Upgrading Apache Spark 2.4.8 (with CDS 3.3.2) on 7.1.9 SP1 to Spark 3 on 7.3.1
The following steps will help you upgrading from Apache Spark 2.4.8 on Cloudera Private Cloud 7.1.9 SP1 to Spark 3.4.1 on 7.3.1.
| Source cluster version | Source cluster Spark 2 version | Source cluster Spark 3 version | Target cluster version | Target cluster Spark 3 version | Spark 2 used with connectors1 | 
|---|---|---|---|---|---|
| 7.1.9 SP1 | 2.4.8 | 3.3.2 (CDS) | 7.3.1 | 3.4.1 | no | 
1  Oozie, Solr, Phoenix, Hive Warehouse Connector, Spark Schema Registry
Application migration tasks from Spark 2 to Spark 3
              Follow the Spark application migration documentation to migrate your Apache Spark Applications from version 2.4.8 to 3.3.2.
        
- Check the supported Java versions.
 - Check the supported Scala version.
 - Check the supported Python versions.
 - 
                    Account for changed or versioned Spark commands in your code. (
spark-submit,pyspark, etc.) - Check supported versions for Spark connectors.
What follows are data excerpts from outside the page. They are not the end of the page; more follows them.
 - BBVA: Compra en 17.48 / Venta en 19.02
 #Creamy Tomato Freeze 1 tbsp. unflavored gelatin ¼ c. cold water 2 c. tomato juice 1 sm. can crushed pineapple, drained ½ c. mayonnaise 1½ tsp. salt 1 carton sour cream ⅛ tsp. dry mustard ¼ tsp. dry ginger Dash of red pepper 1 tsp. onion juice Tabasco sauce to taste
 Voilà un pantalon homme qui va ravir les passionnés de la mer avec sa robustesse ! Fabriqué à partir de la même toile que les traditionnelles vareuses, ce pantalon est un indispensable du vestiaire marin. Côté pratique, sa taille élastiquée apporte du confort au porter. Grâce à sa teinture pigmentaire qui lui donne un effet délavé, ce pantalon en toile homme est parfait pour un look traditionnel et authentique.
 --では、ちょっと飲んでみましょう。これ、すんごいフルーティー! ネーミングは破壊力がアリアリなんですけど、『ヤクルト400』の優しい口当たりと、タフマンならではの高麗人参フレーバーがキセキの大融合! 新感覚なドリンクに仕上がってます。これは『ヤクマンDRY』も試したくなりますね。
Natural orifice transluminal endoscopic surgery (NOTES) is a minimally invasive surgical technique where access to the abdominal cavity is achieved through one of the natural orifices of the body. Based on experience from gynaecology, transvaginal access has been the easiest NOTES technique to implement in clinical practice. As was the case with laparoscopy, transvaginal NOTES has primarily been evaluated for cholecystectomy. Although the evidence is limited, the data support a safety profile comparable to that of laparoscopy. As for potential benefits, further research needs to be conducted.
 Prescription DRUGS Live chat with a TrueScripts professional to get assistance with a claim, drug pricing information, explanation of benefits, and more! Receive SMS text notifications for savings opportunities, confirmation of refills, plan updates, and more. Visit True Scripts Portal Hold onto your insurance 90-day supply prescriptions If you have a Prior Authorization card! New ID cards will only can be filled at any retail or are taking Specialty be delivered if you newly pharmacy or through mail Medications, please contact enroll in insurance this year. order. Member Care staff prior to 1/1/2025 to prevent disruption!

 - Check the logging library used in your code.
 - Check the compatibility of 3rd-party libraries used in your code.
 - Check Spark behavior changes and refactor your code.
 
Post-application migration tasks
- 
                Stop the Livy (
Livy for Spark 2) and Spark 2 (SPARK_ON_YARN) services. - Delete the Spark 2 and Livy for Spark 2 services.
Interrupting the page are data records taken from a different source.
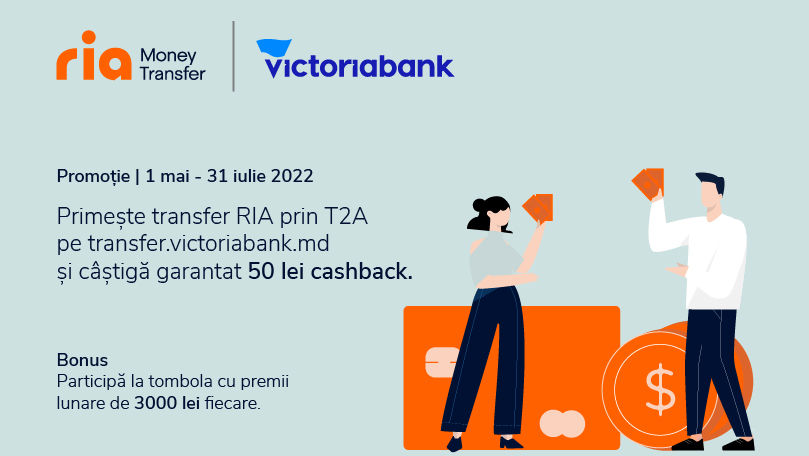 În perioada 1 mai – 31 iulie 2022, transferurile cu Ria primite în contul curent sau pe card, în valoare de minim 3500 de lei, prin platforma de transfer online de la Victoriabank, T2A, îți aduc garantat 50 de lei.
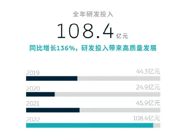 蔚来2022年在研发这块投入了高达108.4亿元,要知道理想去年也才投了67.8亿元,蔚来的研发投入快接近理想的两倍了。这么高的研发投入,交付量却还是不尽人意。
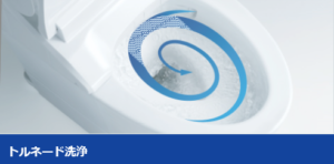 渦を巻くようなトルネード洗浄が、少ない水で、汚れをしっかり洗い流します。
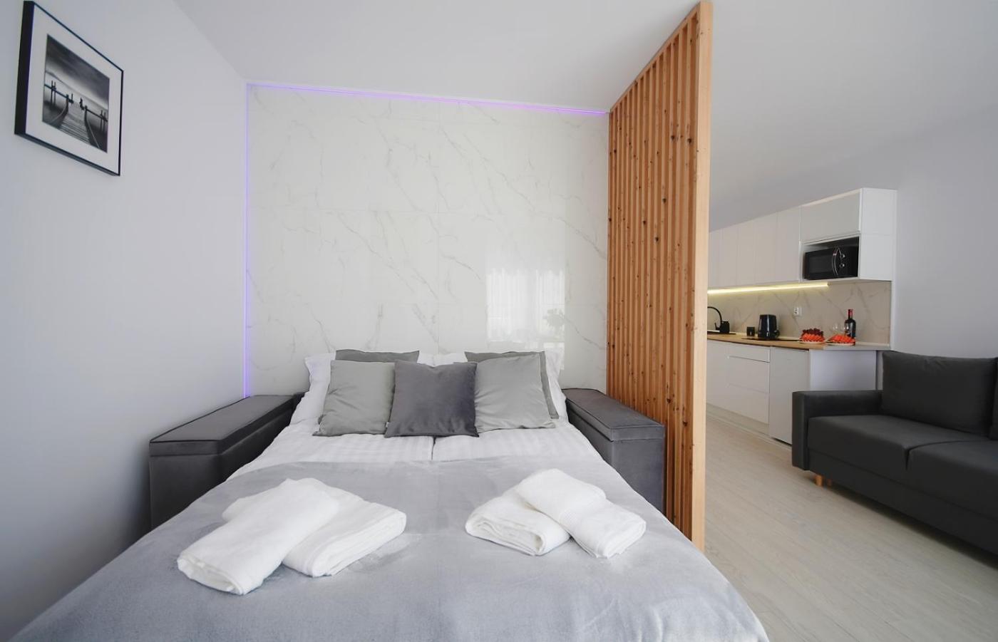 Apartament z 1 sypialnią. Meals can be prepared in the well-fitted kitchen, which comes with a stovetop, a refrigerator, kitchenware and a microwave. The apartment offers a wardrobe, an electric kettle, heating, a flat-screen TV, as well as ancourtyard view. The unit offers 2 beds. Apartament - 4 osobowy. Powierzchnia pokoju ok.: 33 mkw.
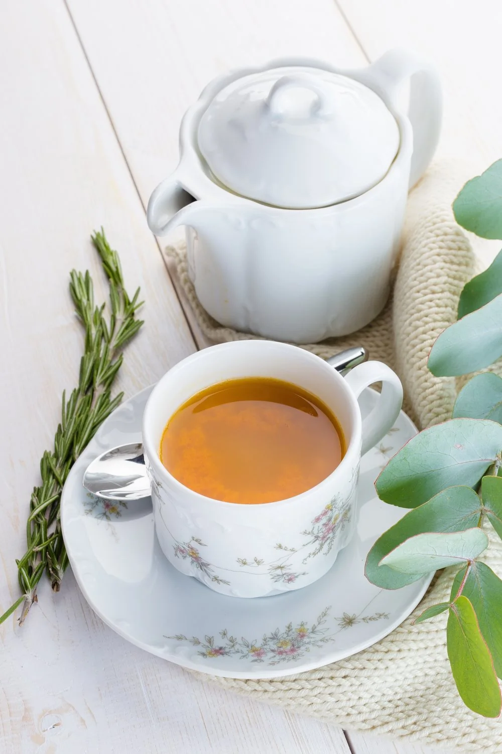 ШАГ 2 Затем процеживаем и выливаем в кувшин. Перед подачей украшаем веточкой свежего розмарина.

 - Move Spark 2 event logs to the Spark 3 event logs directory.
 
In-place cluster upgrade
Spark application migration (from Spark 3.x to Spark 3.4.1)
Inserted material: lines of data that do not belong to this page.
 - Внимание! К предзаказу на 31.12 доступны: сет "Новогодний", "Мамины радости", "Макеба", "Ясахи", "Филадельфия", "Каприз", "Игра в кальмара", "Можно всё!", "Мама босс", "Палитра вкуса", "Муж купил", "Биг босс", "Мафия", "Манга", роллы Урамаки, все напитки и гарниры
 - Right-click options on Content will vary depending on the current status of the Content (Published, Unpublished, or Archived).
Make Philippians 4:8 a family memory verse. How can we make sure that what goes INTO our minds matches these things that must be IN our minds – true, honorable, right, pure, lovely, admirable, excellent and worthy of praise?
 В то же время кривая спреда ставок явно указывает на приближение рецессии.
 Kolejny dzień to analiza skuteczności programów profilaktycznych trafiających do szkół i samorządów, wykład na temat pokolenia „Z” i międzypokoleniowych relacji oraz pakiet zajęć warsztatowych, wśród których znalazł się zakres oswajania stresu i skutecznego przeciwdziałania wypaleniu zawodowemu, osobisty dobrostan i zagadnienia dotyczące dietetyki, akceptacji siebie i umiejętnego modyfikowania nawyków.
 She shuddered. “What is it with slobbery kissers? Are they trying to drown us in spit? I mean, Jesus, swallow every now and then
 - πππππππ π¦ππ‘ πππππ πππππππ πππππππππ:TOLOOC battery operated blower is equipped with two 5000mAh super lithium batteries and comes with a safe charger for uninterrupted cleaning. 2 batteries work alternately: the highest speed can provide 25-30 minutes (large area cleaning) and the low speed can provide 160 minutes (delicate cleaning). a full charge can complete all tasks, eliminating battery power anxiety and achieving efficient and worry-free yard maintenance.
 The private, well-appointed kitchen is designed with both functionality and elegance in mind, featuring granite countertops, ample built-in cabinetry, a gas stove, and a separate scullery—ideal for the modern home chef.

              Follow the Spark application migration documentation to migrate your Apache Spark Applications from version 3.3.2 to 3.4.1
        
- Refactor your Spark application code.
 
Final steps
After the upgrade and application migration are complete:
- Check the status of your clusters.
 - Perform benchmark testing on your applications. See Spark Application Migration.